The judgment dated 28 March 2014 of Logan J, sitting in the Federal Court in Brisbane, names the three airlines as Singapore Airlines, Emirates and Malaysian Airlines. With regard to all three, Flight Centre “attempted to induce, including by threats to withdraw the provision of distribution and booking services” an agreement by which the three airlines would be forced to:

 (i)                  make all their fares for international passenger air travel available for sale by Flight Centre

(ii)                pay to Flight Centre a retail or distribution margin on all sales of international passenger air travel

(iii)               sell international passenger air travel directly to the public at a price not less than the net fare plus Flight Centre’s retail or distribution margin

 Logan J noted that during the period covered by the contraventions, Flight Centre had a  share of at least 20% of the market for the distribution and booking of international air travel from Australia.
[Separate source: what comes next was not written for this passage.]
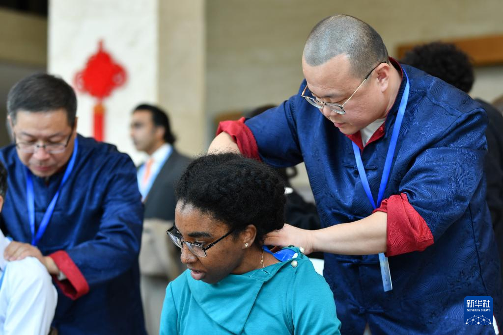 10月29日,在瑞士日內(nèi)瓦萬(wàn)國(guó)宮,嘉賓在“中醫(yī)聯(lián)世界 參香滿重陽(yáng)——中醫(yī)藥走進(jìn)萬(wàn)國(guó)宮”文化活動(dòng)上體驗(yàn)中醫(yī)按摩。新華社記者 連漪 攝
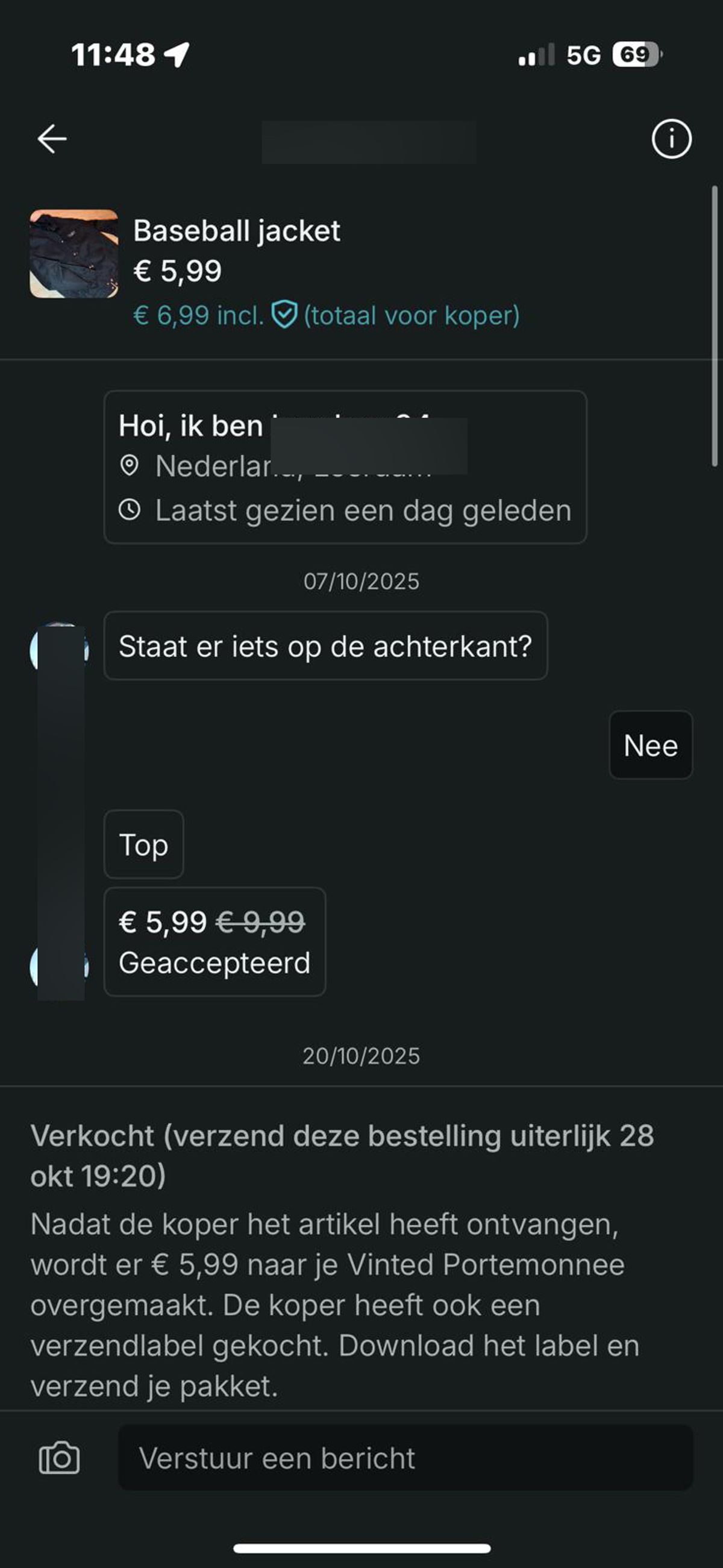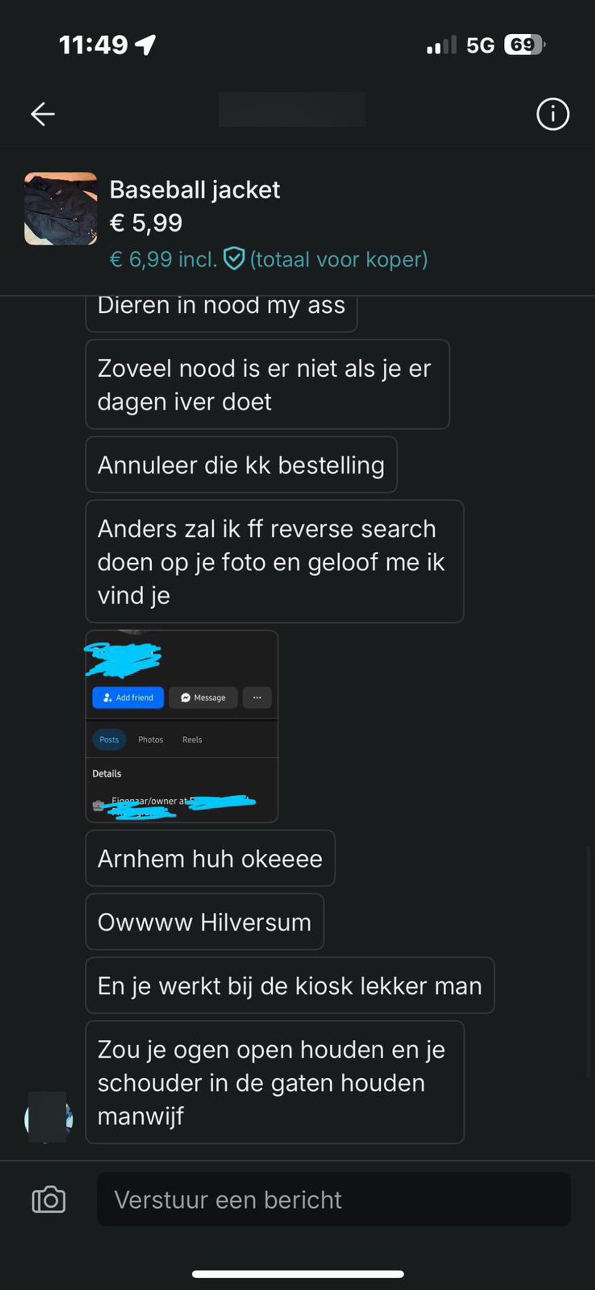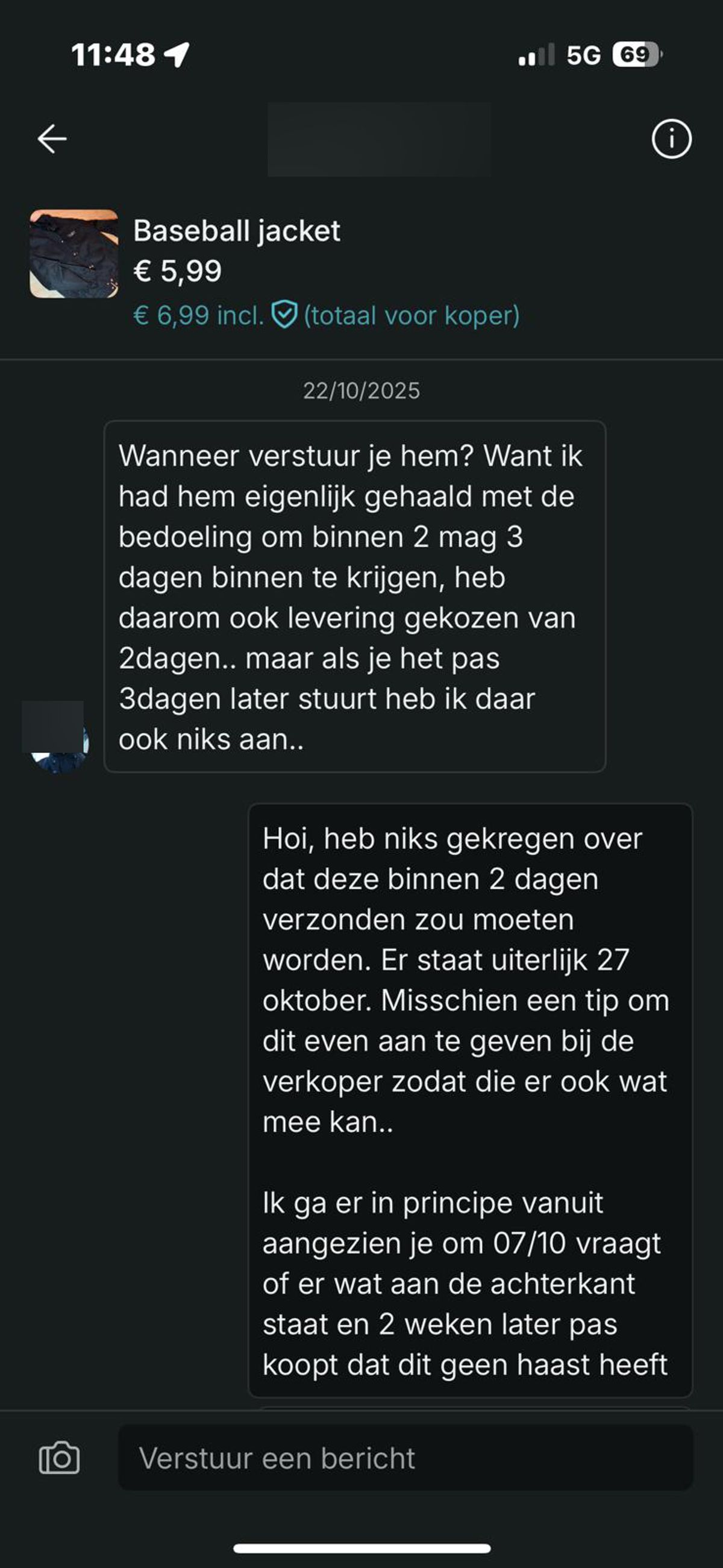 Verkoper op Vinted wordt bedreigd omdat hij een jas van 6 euro niet binnen twee werkdagen opstuurt (6 screens)

The judge added  that:

“[Flight Centre] was the principal distributor for each of the airlines in question. It was this market power which it deployed in each of the attempted inducements. The threats which were entailed carried all of the weight associated with that market power. They could not have been more deliberately made.”

He also described 2009 e-mails from Flight Centre Chief Executive Graham Turner, which were sent in reaction to the threat to the travel agent’s business of direct offers by the airlines to the public of international fares, as “the most blatant of all the charged attempts to induce.”

The ACCC welcomed the decision of the Federal Court. However, ACCC Chairman Rod Sims expressed disappointed that Logan J did not apply the maximum fine of 10% of the travel agent’s turnover, as the ACCC had recommended.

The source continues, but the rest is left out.